Alternatively, you can override the output schemas our models write to, see the relevant package configuration page for how to do this.

Installation

Check dbt Hub for the latest installation instructions, or read the dbt docs for more information on installing packages. If you are using multiple packages you may need to up/downgrade a specific package to ensure compatibility.

Setup

1. Override the dispatch order in your project

To take advantage of the optimized upsert that the Snowplow packages offer you need to ensure that certain macros are called from snowplow_utils first before dbt-core. This can be achieved by adding the following to the top level of your dbt_project.yml file:

# dbt_project.yml
...
dispatch:
  - macro_namespace: dbt
    search_order: ['snowplow_utils', 'dbt']

If you do not do this the package will still work, but the incremental upserts will become more costly over time.

2. Set variables

The package has some variables that need to be set before it can be run, you should edit these in your dbt_project.yml file. Further customization can be done via the variables listed in the configuration page.

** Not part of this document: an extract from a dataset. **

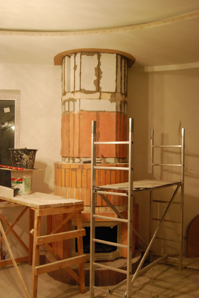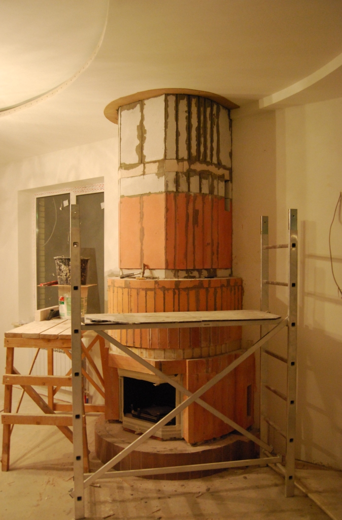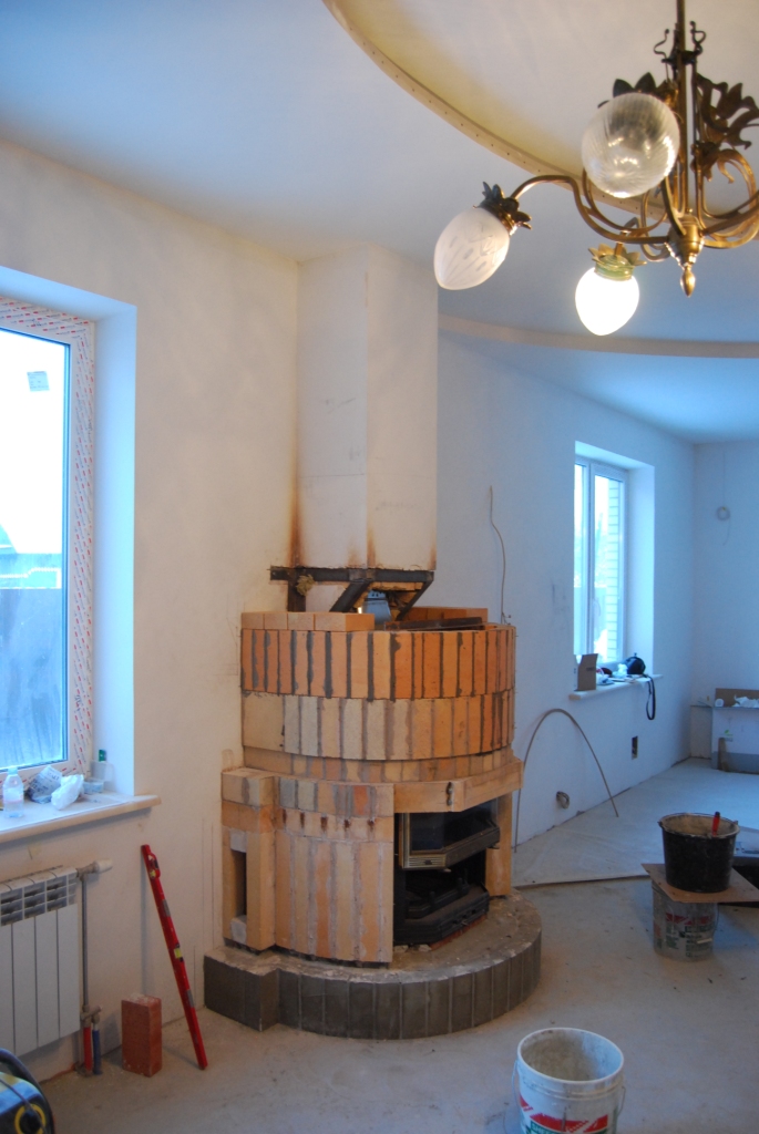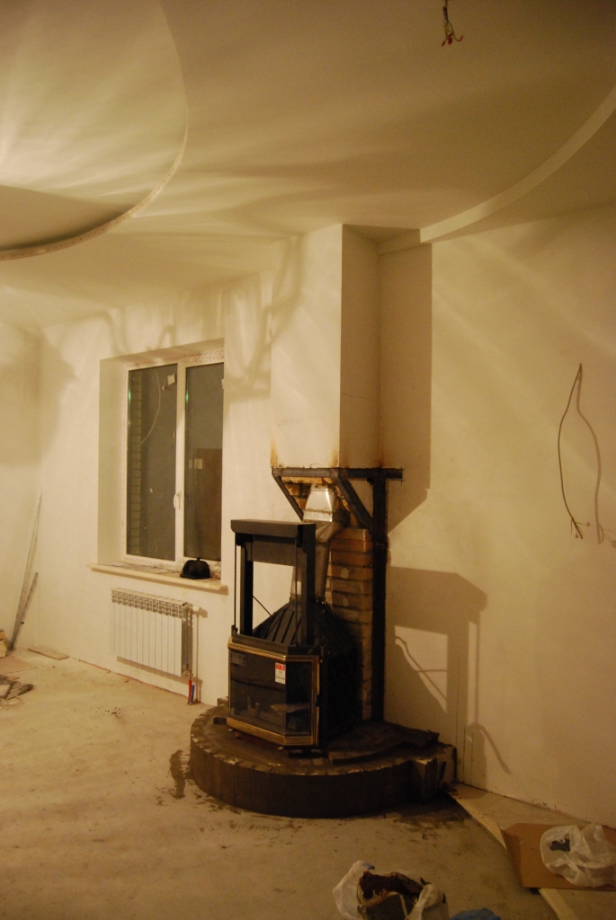 Вводные: объект в Бернгардовке; прежний печник взявшись за работу, работу эту затянул( причины не известны... да я и не выяснял) ; начав работы, стал разбирать коренной дымоход для гильзовки , не просто вскрыл одну плоскость... а разобрал весь низ дымохода... вследсвии чего, весь дымоход( высотой 10 метров) повис в воздухе!!! Уж не знаю на чем он держался... но когда я приехал на объект, удивлению моему не было предела.

snowplow__conversion_window_start_date: The start date in UTC for the window of conversions to include
snowplow__conversion_window_end_date: The end date in UTC for the window of conversions to include
snowplow__conversion_hosts: url_hosts to process
snowplow__path_transforms: A dictionary of path transforms and their arguments (see Path Transform Options section)

# dbt_project.yml
...
vars:
  snowplow_fractribution:
    snowplow__conversion_window_start_date: '2022-01-01'
    snowplow__conversion_window_end_date: '2023-02-01'
    snowplow__conversion_hosts: ['mysite.com']
    snowplow__path_transforms: {'exposure_path' : null}

3. Configure macros

All the below macros are created with the intention to let users modify them to fit their personal use case. If you wish to change this, copy the macro from the macros folder in the snowplow_fractribution package (at [dbt_project_name]/dbt_packages/snowplow_fractribution/macros/conversion_clause.sql) and add it to the macros folder of your own dbt project where you are free to make any alterations. You will find a detailed guide / illustration with sample code within the individual macros themselves.

`conversion_clause` macro

The conversion_clause macro specifies how to filter Snowplow events to only succesfful conversion events. How this is filtered will depend on your definition of a conversion. The default is filtering to events where tr_total > 0, but this could instead filter on event_name = 'checkout', for example. If you are using the e-commerce model, you will still need to set this for the fractribution code to run (even though all events are conversions in the e-commerce model), in this case change it to transaction_revenue > 0.

`conversion_value` macro

The conversion_value macro specifies either a single column or a calculated value that represents the value associated with that conversion. The default is tr_total, but revenue or a calculation using revenue and discount_amount from the default e-commerce schema, for example, could similarly be used.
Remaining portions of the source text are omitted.